X_test_norm = normalizer.transform(X_test)

In [8]:
X_train_norm = pd.DataFrame(X_train_norm, columns = X_train.columns)
X_test_norm = pd.DataFrame(X_test_norm, columns = X_test.columns)

# Grid Search

**Grid Search** - we define a grid of hyperparameter values we want to try. Grid Search tries all possible combinations.

So far, our best model was AdaBoost yield a R-Squared of 0.83.


Let's see how we fine tune our model, in order to that, we will optimize the following hyperparameters:

- **n_estimators:** number of estimators, in this case, number of trees

- **max_leaf_nodes:** maxium number of total leafs to consider

- **max_depth:** maxium number of levels in each tree

- First we define the grid with values to consider when train all possible combinations.

In [9]:
grid = {"n_estimators": [50, 100, 500],
        "estimator__max_leaf_nodes": [250, 500, 1000, None],
        "estimator__max_depth":[10,30,50]}

In [10]:
ada_reg = AdaBoostRegressor(DecisionTreeRegressor())

In [12]:
model = GridSearchCV(estimator = ada_reg, param_grid = grid, cv=5, verbose=4, n_jobs = -1)

In [13]:
model.fit(X_train_norm, y_train)

Fitting 5 folds for each of 36 candidates, totalling 180 fits
[CV 1/5] END estimator__max_depth=10, estimator__max_leaf_nodes=250, n_estimators=50;, score=0.776 total time=   2.9s
[CV 2/5] END estimator__max_depth=10, estimator__max_leaf_nodes=250, n_estimators=50;, score=0.795 total time=   2.9s
[CV 4/5] END estimator__max_depth=10, estimator__max_leaf_nodes=250, n_estimators=50;, score=0.780 total time=   2.9s
[CV 3/5] END estimator__max_depth=10, estimator__max_leaf_nodes=250, n_estimators=50;, score=0.778 total time=   2.9s
[CV 5/5] END estimator__max_depth=10, estimator__max_leaf_nodes=250, n_estimators=50;, score=0.782 total time=   2.9s
[CV 1/5] END estimator__max_depth=10, estimator__max_leaf_nodes=250, n_estimators=100;, score=0.780 total time=   5.3s
[CV 2/5] END estimator__max_depth=10, estimator__max_leaf_nodes=250, n_estimators=100;, score=0.791 total time=   5.3s
[CV 3/5] END estimator__max_depth=10, estimator__max_leaf_nodes=250, n_estimators=100;, score=0.775 total time

- After training, we check what are the best values for the hyperparameters that we have tested.

In [15]:
model.best_params_

{'estimator__max_depth': 50,
 'estimator__max_leaf_nodes': None,
 'n_estimators': 500}

- You can retrieve the best model with the best parameters when accessing **best_estimator_** attribute

In [16]:
best_model = model.best_estimator_

- Evaluate our model

In [17]:
pred = best_model.predict(X_test_norm)

print("MAE", mean_absolute_error(pred, y_test))
print("RMSE", mean_squared_error(pred, y_test, squared=False))
print("R2 score", best_model.score(X_test_norm, y_test))

MAE 0.287548003875969
RMSE 0.4635229770149839




R2 score 0.8352293090509296


# Random Search

**Random Search** - we define probability distributions for each hyperparameter, from which random values are sampled. It’s up to the researcher to set the maximum number of combinations.

In [18]:
grid = {"n_estimators": [int(x) for x in np.linspace(start = 200, stop = 2000, num = 10)],
        "estimator__max_leaf_nodes": [int(x) for x in np.linspace(start = 500, stop = 3000, num = 10)],
        "estimator__max_depth":[int(x) for x in np.linspace(10, 110, num = 11)]}

In [19]:
ada_reg = AdaBoostRegressor(DecisionTreeRegressor())
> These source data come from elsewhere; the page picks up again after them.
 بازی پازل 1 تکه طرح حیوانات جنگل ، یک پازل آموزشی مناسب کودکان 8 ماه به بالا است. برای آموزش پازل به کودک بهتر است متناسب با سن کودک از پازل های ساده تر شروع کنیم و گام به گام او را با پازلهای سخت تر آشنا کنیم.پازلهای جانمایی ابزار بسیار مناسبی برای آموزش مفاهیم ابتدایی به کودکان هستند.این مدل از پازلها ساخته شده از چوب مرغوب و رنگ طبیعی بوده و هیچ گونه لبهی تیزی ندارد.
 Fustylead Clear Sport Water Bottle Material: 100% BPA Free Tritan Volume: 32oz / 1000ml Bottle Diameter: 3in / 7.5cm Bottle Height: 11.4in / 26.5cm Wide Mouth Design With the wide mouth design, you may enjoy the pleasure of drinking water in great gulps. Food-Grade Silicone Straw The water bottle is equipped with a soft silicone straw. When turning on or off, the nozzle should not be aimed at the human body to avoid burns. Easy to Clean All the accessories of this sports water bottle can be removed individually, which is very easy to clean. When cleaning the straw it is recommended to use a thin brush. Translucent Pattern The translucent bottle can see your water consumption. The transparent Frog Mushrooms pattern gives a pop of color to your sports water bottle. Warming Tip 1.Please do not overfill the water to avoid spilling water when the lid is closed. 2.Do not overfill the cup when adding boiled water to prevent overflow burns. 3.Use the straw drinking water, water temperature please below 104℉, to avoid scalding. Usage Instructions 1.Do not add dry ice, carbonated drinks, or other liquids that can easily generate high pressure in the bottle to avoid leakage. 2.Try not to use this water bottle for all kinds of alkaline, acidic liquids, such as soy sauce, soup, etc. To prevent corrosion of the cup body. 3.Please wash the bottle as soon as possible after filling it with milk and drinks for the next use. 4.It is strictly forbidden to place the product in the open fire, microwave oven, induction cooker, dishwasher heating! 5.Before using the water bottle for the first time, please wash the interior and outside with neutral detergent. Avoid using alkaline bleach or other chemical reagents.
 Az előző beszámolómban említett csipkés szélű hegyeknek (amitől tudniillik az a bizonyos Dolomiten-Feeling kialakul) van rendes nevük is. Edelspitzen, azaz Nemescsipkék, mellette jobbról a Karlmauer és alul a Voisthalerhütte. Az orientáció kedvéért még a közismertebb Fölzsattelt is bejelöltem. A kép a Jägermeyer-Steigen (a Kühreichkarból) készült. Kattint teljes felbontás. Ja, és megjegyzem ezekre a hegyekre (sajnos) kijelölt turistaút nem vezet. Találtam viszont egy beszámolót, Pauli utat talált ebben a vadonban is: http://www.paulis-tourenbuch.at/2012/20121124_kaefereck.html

model = RandomizedSearchCV(estimator = ada_reg, param_distributions = grid, n_iter = 10, cv = 5, n_jobs = -1)

In [20]:
model.fit(X_train_norm,y_train)

In [22]:
model.best_params_

{'n_estimators': 1000,
 'estimator__max_leaf_nodes': 2722,
 'estimator__max_depth': 50}

- You can retrieve the best model with the best parameters when accessing **best_estimator_** attribute

In [24]:
best_model = model.best_estimator_

- Evaluate our model

In [25]:
pred = best_model.predict(X_test_norm)

print("MAE", mean_absolute_error(pred, y_test))
print("RMSE", mean_squared_error(pred, y_test, squared=False))
print("R2 score", best_model.score(X_test_norm, y_test))

MAE 0.2904758570574426
RMSE 0.46306714366719065




R2 score 0.8355532241464539


We dont guarantee these hyperparameters are optimal! We can just guarantee that these are the best from the ones we tried!